- _How to complete this task_
Nothing but the lines below between the line holding "Spy Chasers is" and the line holding "在西陶文化体育公园,外国友人", inclusive, should appear in the answer, each set down exactly.
*** Opening of Records to use ***
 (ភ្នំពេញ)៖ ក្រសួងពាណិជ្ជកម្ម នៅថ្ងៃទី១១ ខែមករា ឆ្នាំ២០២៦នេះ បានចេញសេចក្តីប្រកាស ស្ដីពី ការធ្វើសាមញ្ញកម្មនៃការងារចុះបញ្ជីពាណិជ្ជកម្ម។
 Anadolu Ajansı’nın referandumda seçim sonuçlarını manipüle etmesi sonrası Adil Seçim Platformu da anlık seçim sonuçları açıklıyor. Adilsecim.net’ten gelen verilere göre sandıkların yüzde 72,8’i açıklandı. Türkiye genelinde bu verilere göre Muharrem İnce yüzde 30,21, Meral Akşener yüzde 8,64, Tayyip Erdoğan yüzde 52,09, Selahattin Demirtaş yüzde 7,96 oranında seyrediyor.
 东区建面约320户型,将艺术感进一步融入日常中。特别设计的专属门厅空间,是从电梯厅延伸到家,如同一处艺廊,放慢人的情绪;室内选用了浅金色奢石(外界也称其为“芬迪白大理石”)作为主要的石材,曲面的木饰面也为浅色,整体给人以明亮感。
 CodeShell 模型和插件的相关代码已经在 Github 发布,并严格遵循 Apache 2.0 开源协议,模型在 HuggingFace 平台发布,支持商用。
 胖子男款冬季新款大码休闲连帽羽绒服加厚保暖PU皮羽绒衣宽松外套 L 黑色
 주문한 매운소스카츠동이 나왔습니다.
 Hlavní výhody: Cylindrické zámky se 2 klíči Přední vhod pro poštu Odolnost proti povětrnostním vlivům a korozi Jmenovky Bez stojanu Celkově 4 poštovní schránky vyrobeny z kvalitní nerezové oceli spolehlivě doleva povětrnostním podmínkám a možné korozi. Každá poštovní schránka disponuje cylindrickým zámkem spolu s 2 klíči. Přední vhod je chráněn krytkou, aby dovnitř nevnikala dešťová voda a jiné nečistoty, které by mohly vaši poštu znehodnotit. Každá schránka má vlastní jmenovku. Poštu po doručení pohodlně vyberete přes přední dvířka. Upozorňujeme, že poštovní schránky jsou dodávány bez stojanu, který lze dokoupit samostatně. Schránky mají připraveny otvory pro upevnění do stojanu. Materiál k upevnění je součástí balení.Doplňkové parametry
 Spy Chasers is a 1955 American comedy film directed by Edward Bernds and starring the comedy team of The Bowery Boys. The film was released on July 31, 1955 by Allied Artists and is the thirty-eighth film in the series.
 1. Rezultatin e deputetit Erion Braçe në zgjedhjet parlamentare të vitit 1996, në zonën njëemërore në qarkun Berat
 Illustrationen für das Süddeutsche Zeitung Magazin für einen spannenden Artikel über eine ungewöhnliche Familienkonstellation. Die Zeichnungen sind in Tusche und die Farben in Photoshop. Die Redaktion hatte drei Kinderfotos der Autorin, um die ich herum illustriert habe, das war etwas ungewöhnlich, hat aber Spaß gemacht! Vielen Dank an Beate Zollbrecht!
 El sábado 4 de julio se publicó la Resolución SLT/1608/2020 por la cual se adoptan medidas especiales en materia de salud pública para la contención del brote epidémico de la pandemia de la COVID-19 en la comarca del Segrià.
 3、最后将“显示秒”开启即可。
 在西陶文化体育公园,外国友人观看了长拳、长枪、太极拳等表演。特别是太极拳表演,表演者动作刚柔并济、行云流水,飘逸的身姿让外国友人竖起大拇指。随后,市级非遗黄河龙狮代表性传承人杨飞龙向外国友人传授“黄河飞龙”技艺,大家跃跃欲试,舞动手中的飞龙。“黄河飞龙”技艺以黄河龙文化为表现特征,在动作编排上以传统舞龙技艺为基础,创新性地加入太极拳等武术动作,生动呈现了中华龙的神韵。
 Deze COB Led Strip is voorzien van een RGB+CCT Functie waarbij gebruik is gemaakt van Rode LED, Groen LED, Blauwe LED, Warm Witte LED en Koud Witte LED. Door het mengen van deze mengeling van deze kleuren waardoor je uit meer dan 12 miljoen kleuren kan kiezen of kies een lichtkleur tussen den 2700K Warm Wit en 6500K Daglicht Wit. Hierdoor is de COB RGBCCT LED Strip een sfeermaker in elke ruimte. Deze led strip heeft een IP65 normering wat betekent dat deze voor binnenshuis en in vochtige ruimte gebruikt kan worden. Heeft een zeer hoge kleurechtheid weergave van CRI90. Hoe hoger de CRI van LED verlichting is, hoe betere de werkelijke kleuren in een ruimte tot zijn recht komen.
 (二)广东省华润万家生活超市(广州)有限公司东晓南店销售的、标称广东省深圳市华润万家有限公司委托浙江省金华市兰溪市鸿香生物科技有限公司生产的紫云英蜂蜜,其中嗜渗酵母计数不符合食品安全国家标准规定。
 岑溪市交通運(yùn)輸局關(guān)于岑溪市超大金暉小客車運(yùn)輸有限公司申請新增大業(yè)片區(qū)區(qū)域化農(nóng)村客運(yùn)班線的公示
*** Close of Records to use ***
- _Task response_
 Spy Chasers is a 1955 American comedy film directed by Edward Bernds and starring the comedy team of The Bowery Boys. The film was released on July 31, 1955 by Allied Artists and is the thirty-eighth film in the series.
 1. Rezultatin e deputetit Erion Braçe në zgjedhjet parlamentare të vitit 1996, në zonën njëemërore në qarkun Berat
 Illustrationen für das Süddeutsche Zeitung Magazin für einen spannenden Artikel über eine ungewöhnliche Familienkonstellation. Die Zeichnungen sind in Tusche und die Farben in Photoshop. Die Redaktion hatte drei Kinderfotos der Autorin, um die ich herum illustriert habe, das war etwas ungewöhnlich, hat aber Spaß gemacht! Vielen Dank an Beate Zollbrecht!
 El sábado 4 de julio se publicó la Resolución SLT/1608/2020 por la cual se adoptan medidas especiales en materia de salud pública para la contención del brote epidémico de la pandemia de la COVID-19 en la comarca del Segrià.
 3、最后将“显示秒”开启即可。
 在西陶文化体育公园,外国友人观看了长拳、长枪、太极拳等表演。特别是太极拳表演,表演者动作刚柔并济、行云流水,飘逸的身姿让外国友人竖起大拇指。随后,市级非遗黄河龙狮代表性传承人杨飞龙向外国友人传授“黄河飞龙”技艺,大家跃跃欲试,舞动手中的飞龙。“黄河飞龙”技艺以黄河龙文化为表现特征,在动作编排上以传统舞龙技艺为基础,创新性地加入太极拳等武术动作,生动呈现了中华龙的神韵。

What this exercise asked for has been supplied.